◆ Available records
※

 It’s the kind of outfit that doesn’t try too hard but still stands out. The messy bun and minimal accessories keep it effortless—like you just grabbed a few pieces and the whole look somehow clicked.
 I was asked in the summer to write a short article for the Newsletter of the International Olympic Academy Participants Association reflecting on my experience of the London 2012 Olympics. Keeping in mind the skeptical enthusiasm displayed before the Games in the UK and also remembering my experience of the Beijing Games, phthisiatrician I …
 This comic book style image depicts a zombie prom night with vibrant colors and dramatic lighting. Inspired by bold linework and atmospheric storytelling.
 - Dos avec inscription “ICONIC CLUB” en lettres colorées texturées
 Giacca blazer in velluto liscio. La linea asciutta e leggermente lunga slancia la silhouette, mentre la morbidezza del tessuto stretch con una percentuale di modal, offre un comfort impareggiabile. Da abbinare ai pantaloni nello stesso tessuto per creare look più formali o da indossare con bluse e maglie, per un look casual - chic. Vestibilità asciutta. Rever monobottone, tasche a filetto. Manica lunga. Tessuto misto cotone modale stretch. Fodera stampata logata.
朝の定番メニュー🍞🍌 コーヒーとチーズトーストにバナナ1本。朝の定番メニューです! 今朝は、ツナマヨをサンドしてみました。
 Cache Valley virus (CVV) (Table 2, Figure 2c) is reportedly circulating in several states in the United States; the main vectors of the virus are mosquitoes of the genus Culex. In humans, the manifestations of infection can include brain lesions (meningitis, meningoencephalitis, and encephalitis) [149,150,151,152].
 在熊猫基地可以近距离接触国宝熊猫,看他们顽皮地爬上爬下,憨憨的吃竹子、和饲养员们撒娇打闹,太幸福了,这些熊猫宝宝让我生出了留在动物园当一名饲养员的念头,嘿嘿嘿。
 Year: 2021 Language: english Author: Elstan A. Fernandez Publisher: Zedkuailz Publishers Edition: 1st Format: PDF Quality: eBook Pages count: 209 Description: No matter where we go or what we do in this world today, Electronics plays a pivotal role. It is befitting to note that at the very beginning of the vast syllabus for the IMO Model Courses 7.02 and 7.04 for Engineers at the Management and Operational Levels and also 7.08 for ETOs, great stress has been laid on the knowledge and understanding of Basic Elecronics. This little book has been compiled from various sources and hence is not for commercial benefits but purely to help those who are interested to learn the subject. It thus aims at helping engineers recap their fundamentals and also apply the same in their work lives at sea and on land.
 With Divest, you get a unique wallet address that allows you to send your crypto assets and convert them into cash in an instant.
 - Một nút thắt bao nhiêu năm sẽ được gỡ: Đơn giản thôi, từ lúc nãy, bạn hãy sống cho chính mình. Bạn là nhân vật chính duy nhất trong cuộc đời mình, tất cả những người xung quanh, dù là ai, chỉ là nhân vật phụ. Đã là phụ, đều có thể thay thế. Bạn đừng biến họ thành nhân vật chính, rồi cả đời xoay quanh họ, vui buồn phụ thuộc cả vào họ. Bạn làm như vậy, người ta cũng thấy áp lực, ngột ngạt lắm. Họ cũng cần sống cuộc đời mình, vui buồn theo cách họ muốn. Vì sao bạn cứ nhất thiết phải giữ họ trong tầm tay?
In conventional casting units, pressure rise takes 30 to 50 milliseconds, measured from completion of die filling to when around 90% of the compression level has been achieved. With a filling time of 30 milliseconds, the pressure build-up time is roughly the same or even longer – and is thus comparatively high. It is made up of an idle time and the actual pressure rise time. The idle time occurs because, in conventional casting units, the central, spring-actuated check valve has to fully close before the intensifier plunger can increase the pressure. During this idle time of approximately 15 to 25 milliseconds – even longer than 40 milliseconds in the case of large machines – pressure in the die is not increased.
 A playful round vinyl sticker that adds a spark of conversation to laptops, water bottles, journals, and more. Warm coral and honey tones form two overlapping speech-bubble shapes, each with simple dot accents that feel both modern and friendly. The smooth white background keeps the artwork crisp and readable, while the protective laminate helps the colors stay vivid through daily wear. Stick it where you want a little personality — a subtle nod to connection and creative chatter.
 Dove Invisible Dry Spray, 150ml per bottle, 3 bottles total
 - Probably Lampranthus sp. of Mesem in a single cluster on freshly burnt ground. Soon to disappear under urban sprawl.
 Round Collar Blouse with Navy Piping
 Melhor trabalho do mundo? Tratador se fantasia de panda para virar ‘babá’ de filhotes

※

◆ Description of the task
Take each line of the material that contains the word "bottles" and list it.

◆ Answer
 A playful round vinyl sticker that adds a spark of conversation to laptops, water bottles, journals, and more. Warm coral and honey tones form two overlapping speech-bubble shapes, each with simple dot accents that feel both modern and friendly. The smooth white background keeps the artwork crisp and readable, while the protective laminate helps the colors stay vivid through daily wear. Stick it where you want a little personality — a subtle nod to connection and creative chatter.
 Dove Invisible Dry Spray, 150ml per bottle, 3 bottles total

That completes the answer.